In this step-by-step tutorial I’ll show you how to use Talend Open Studio and the Twitter Components Pack to connect to Twitter, do a simple REST query and build a trivial relevance report on top on it. There’re tons of similar Talend tutorials out there, but no one is focused on my Twitter components pack, which let you do queries and result parsing without writing a single line of custom code.
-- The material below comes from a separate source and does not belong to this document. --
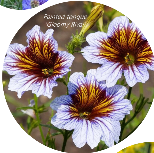
Painted tongue 'Gloomy Rival'

So let’s go into this 101 crash course on how to download tweets and build a real-world analysis on it.
I’m attending a coursera-powered class in Social Network Analysis from University of Michigan. While the course is really stunning, I had to realize that it’s kind difficult to obtain enough example datasets to study, especially if you haven’t a solid programming background. Since the course is not targeted to programmers but data analysts, It sounds really weird to me that my classmates have to wait for someone to extract, clean-up and eventually share these datasets. However, network data is usually well-structured and with low dimensionality, so I think that a data integration and manipulation software could be an easier way to prepare these datasets. I choose to do this using Talend Open Studio, as it’s probably the best free data integration platform available nowadays. It obviously doesn’t have a component to build datasets in a format readable by for example Gephi or Pajek, but Talend is eclipse-based, so it was easy to me to build a custom component to write .GML files.
In this tutorial I will guide you using this component to write graphs file, then I’ll explain you a 120-seconds method to build an endless set of example valid network datasets, useful for learning, testing, simulations and so on.